-Soy Henry Miller, ¿qué tomás, man?

Dice Oscar Wilde que ni bien convencemos a alguien de algo, empezamos a dudar seriamente de ello...
Nuestro pensamiento es-si inteligente-hegelianamente dialéctico, pendular, oscilante y posarnos a explorar las antípodas de nuestras ideologías es parte no solo de nuestra plasticidad neuronal, sino de nuestra elasticidad para albergar conceptos que pueden sacarnos de la ya intuitiva y reificada zona de confort.
Un golpe mortal a nuestros ídolos es asestado cuando conocemos suficientemente a nuestro interlocutor, anticipamos sus objeciones y terminamos internalizándolas. Es bueno que así suceda. Que yo le diga a mi futura esposa: -vení a conocer a mi madre, yo sé que es esto y lo otro y lo de más allá...
Para un feliz matrimonio está buenísimo que por fin yo haya comprendido que ES esto y lo otro y lo de más allá y mi alianza esté con mi prometida y no con mi progenitora.
Bueno, le pasó a Henry Miller con Thomas Mann, justo cuando Faulkner llamó a "Los Buddenbrocks" la mayor realización artística del siglo:
(tomado de Miller, Henry, "Los libros de mi vida")
(...)
Mencioné a Thomas Mann.
Durante un año entero viví con Hans Castorp de La Montaña Mágica como persona real, hasta podría decir, como hermano de sangre, pero fue la maestría de Mann como novelista lo que más me intrigó y desconcertó durante el período “analítico” al que me refiero. En esa época Death in Venice (Muerte en Venecia) era para mí la narración suprema. En el espacio de pocos años, sin embargo, mi opinión de Thomas Mann, y en especial de su Death in Venice, se alteró radicalmente. Fue un hecho curioso que quizá valga la pena relatar. Sucedió más o menos así… Durante mis primeros días en París conocí a un individuo sumamente cordial y atrayente al que tomé por un genio. Se llamaba John Nichols. Era pintor. Como tantos otros irlandeses, poseía también el don de ser muy locuaz.

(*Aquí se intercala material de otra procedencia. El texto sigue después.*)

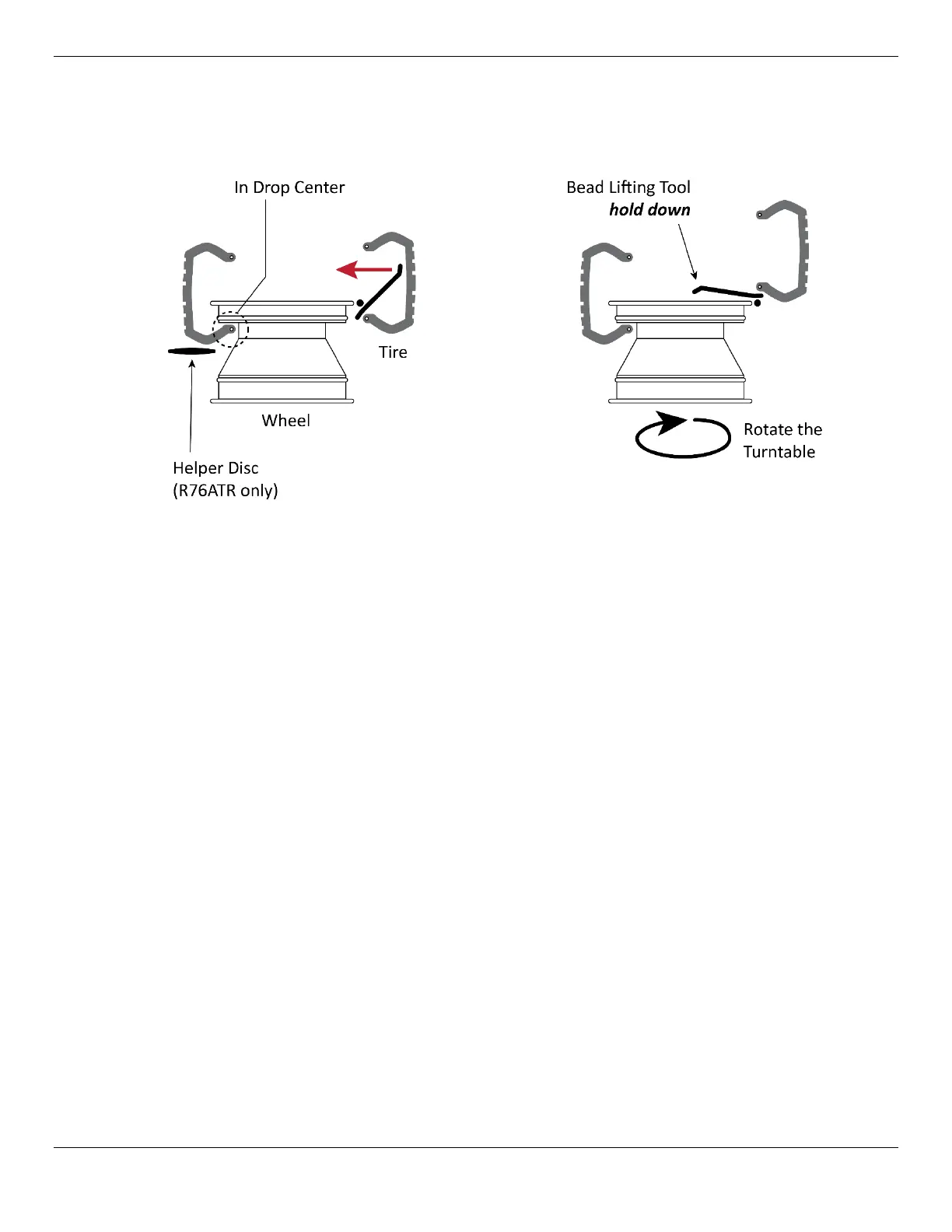 Getting the Bead Lifting Tool into position may be trickier this time, as the rest of the Tire could be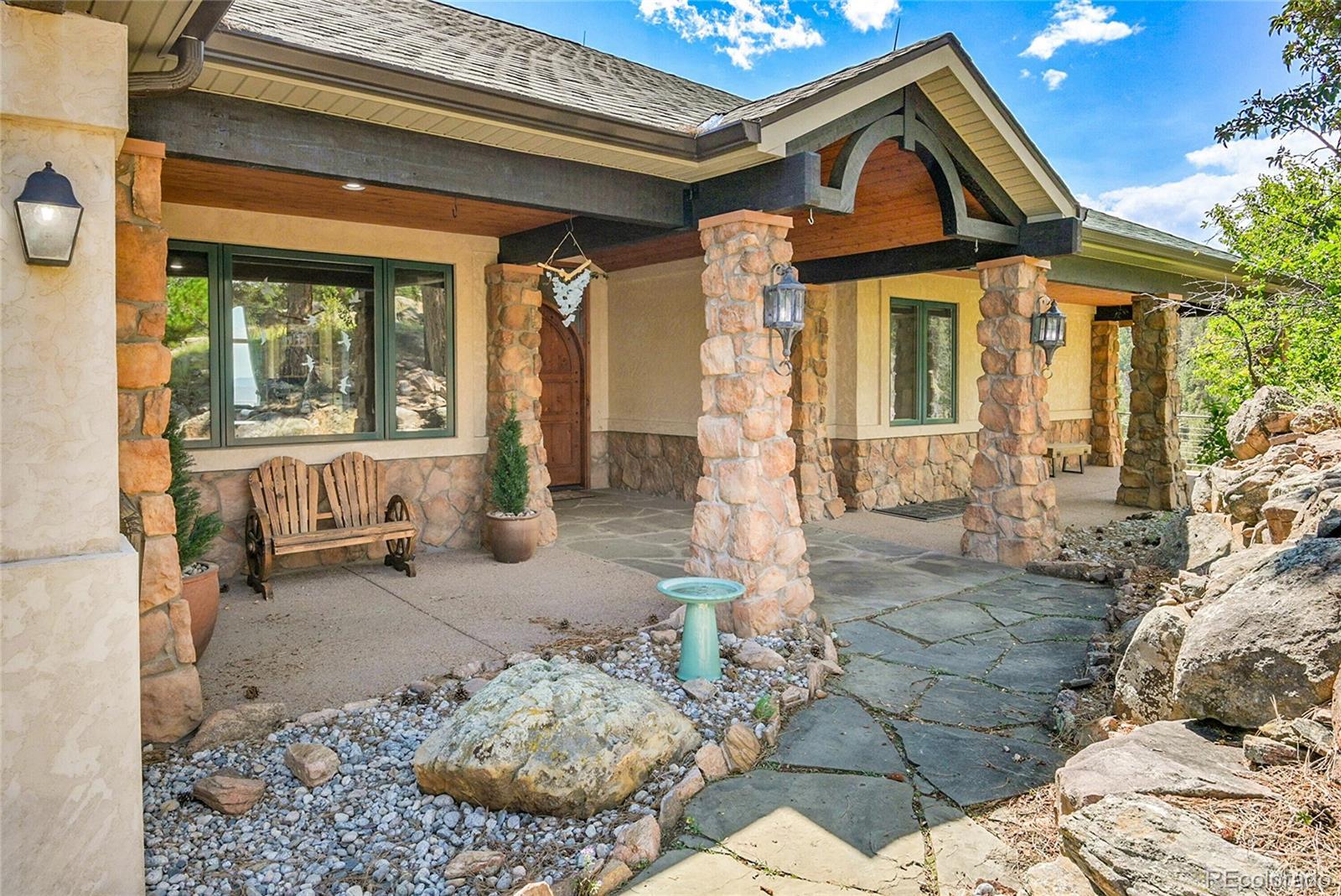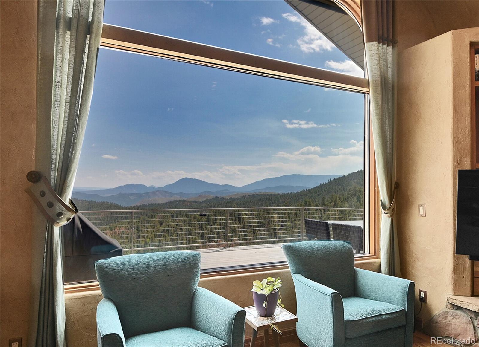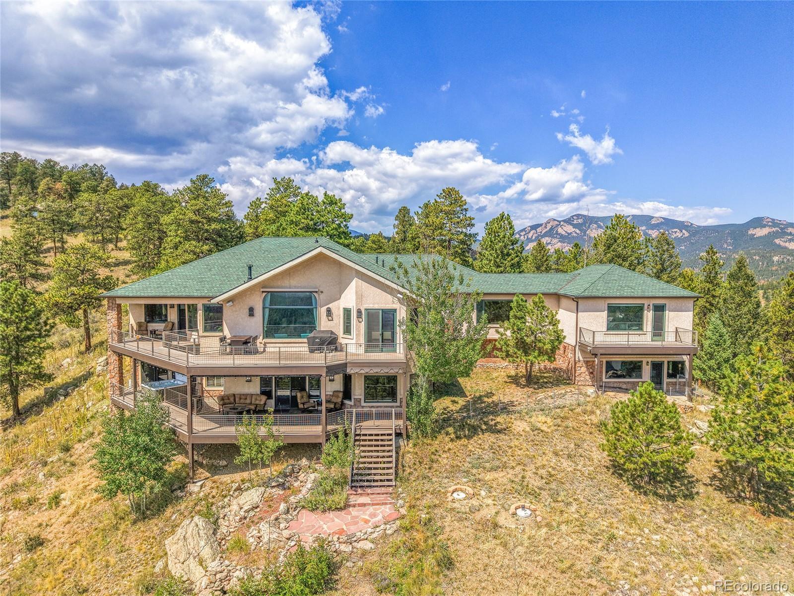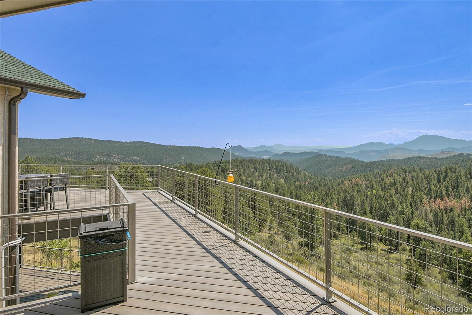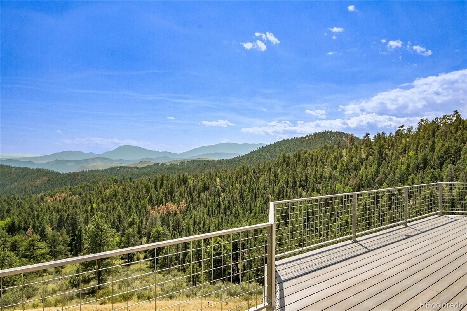 Mountain luxury and elegance with million-dollar views, main-floor living, and an attached In-Law apartment with a separate entrance—all within an hour of DIA and just 90 minutes to world-class skiing in Breckenridge, without the hassle of I-70 traffic. Situated on five beautifully mitigated acres backing to open space, this custom home in Douglass Ranch offers both tranquility and an easy commute to Denver or DTC. Enter through the stunning custom double doors and be captivated by the dramatic Pikes Peak views framed by the great room’s expansive windows. Designed by an artist, this home features warm hickory floors, a barrel-vaulted ceiling, and a striking ski-lift cable stair rail, with thoughtful details ensuring breathtaking views from nearly every room. The chef’s kitchen boasts a 6-burner Dacor gas cooktop, KitchenAid appliances, a new double convection oven and dishwasher, and a butler’s pantry with a built-in wine rack. The dining area opens onto 2,500 sq ft of Trex decking, perfect for entertaining or watching the elk migration. The main-floor primary suite is a luxurious retreat with a sitting room, spa-like five-piece bath, and a new custom walk-in closet. At the opposite end, the 800-sq-ft ADA-compliant apartment/guest quarters offers a full kitchen, living room, private deck, large bedroom, and ¾ bath, with a separate entrance providing privacy for multi-generational living. The lower level features a media room with a wet bar, blackout window coverings, a soundproof gym, and $24K in Smart Tech and AV, all controlled from your phone. Hardwired internet runs throughout, with redundancy for reliability. This level also includes a second guest apartment, and three en-suite bedrooms. Enjoy the indoor sauna, then step outside to the six-seat spa. The lower deck is DriDeck-covered for year-round use. Recent upgrades include a new Class 4 roof and gutters, ensuring durability and peace of mind.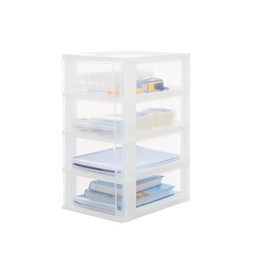 Tour Rangement Plastique, Blanc Givré, A4, Facile à Utiliser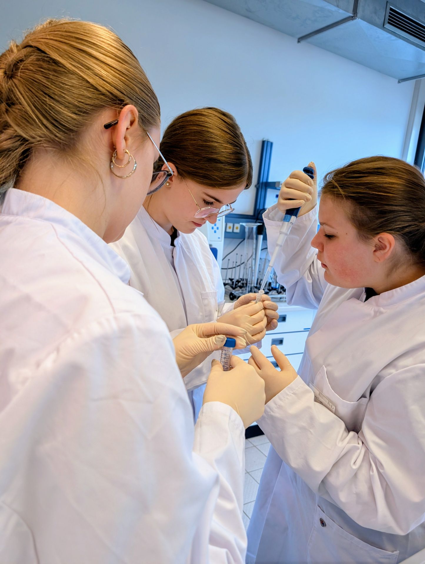 Im Zentrum des Workshops „Puzzeln mit dem Code des Lebens – Biomedizinische Datenanalysestand“ stand die Isolierung von RNA – ein grundlegender Schritt der molekularbiologischen Forschung. Nach einer kurzen Einführung von Frau Prof. Dr. Kappelmann-Fenzl in die theoretischen Grundlagen durften die Schülerinnen und Schüler selbst aktiv werden: Mit Laborkitteln, Pipetten und Zentrifugen ausgestattet, isolierten sie unter Anleitung von Dr. Fischer RNA aus schwarzen Hautkrebszellen.

Era un deleite escucharlo, hablase de pintura, literatura, música o simplemente necesidades. Era proclive a la invectiva y, cuando se enardecía, tenía una lengua ponzoñosa. Cierto día le mencioné al azar mi admiración por Thomas Mann, y minutos después me encontré discutiendo acaloradamente sobre Muerte en Venecia. Nichols respondió con expresiones burlonas y despectivas. Exasperado, le dije que buscaría el libro y se lo leería en voz alta. Admitió que no lo había leído y mi propuesta le pareció excelente. Jamás olvidaré esta experiencia. Antes de leerle tres páginas, Thomas Mann comenzó a resquebrajarse. Nichols, debo advertir, no había pronunciado ni una sola palabra. Pero leyendo el cuento en voz alta y para un oyente crítico, de pronto se puso de manifiesto la crujiente maquinaria oculta por debajo de la superficie. Yo, que creía tener en mis manos oro puro, encontré en realidad un pedazo de cartón arrugado. Hacia la mitad arrojé el libro al suelo. Más tarde releí rápidamente La Montaña Mágica y Buddenbrooks, obras que hasta entonces consideraba monumentales, sólo para hallarlas igualmente fallidas(...)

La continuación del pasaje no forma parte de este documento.